See the Notes for more details.
tau (int or float, optional) – The truncation value used in GASTE. Default is 1.
limit_computation_exact (int, optional) – The limit for exact computation of the combined p-value. Default is 10^7.
verbose (bool, optional) – Whether to print verbose output during computation. Default is True.
moment (int, optional) – The moment to use for the approximation of the combined p-value. Default is 2.
jobs (int or None, optional) – The number of parallel jobs to use for computation. Default is None, all core is used.
- Returns:
result –
- A named tuple containing attributes :
- statfloat
It’s the value of the combination of p-value of observed data in each strat.
- pvaluefloat
The combined p-value resulting from the GASTE test.
- Return type:
Result
- Raises:
ValueError – If the alternative parameter is not “less” or “greater”.
See also
combined_pval.get_pval_combThe function that computes the combined p-value.
Notes:
The GASTE statistic is computed as \(Y_{\tau} = -2\sum_{i=1}^I \left(\log(P_s) - \log(\tau)\right)\mathbb{I}(P_s\leq\tau)\) or each p-value in the given data.
\[Y_{\tau} = -2\sum_{i=1}^I \left( \log(P_s) - \log(\tau)\right)\mathbb{I}(P_s\leq\tau)\]The combined p-value is computed exactly by exploring all possible combination of tables if the number of combination is under the limit threshold, else gamma approximation is used.
If alternative is less, the combined p-value is stored in self.combined_pval_less. If alternative is greater, the combined p-value is stored in self.combined_pval_greater. So if the result is needed later in plot method or other, it can be used without recomputing it.

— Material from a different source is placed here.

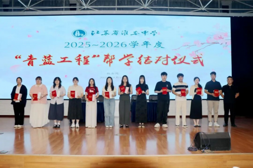 为加强师资队伍建设,发挥骨干教师示范引领作用,助力青年教师专业成长,9月9日晚,淮安中学在丽泽堂报告厅举行2025-2026学年度“青蓝工程”帮学结对仪式。校党委书记、校长于敏等领导出席活动。 仪式伊始,教务处副主任孟国君宣读了上一学年度帮学结对优秀指导教师和优秀青年教师名单,共有12对结对师徒被评为优秀教师。教务处主任丁军、副主任郭琪分别为优秀指导教师和优秀青年教师颁发荣誉证书。优秀青年教师向指导教师献花,表达感激之情。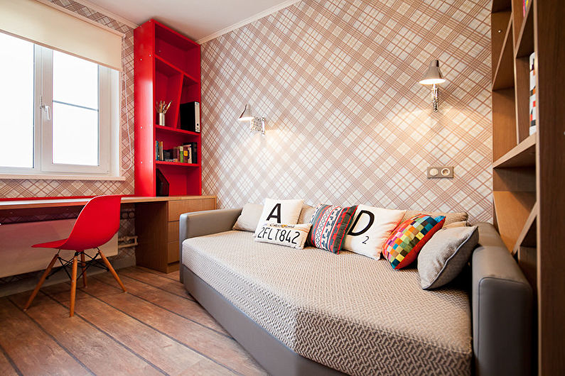 Et bien sûr, n'oubliez pas le côté esthétique du problème. La couleur et le motif du papier peint doivent être harmonieusement combinés avec les meubles, les sols et les textiles dans la chambre des enfants.

Globaly this method call the function
combined_pval.get_pval_comb(). See documentation for more details
- plot(log_scale=True, fontsize=12, thresh_adjust=0.03, y_figsize=None, save: str | None = None)[source]
Plot a forest plot with odds ratios, confidence intervals and resume of data on each side of the CI odd ratio plot. The plot is annotated with the CMH test, BD test, and GASTE test results.
Parameters:
- log_scalebool, optional
Whether to use a logarithmic scale for the x-axis, so use odd ratio or log odd ratio. Default is True.
- fontsizeint, optional
The font size for the plot. Default is 12.
- thresh_adjustfloat, optional
The adjustment value for the figure on y-axis to align confident interval result with data on each side. If you have only 2 or 3 strata, a value of 0.1 is advise. Else, if you have more than 10 strata, a smaller value like 0.001 is advise. Default is 0.03.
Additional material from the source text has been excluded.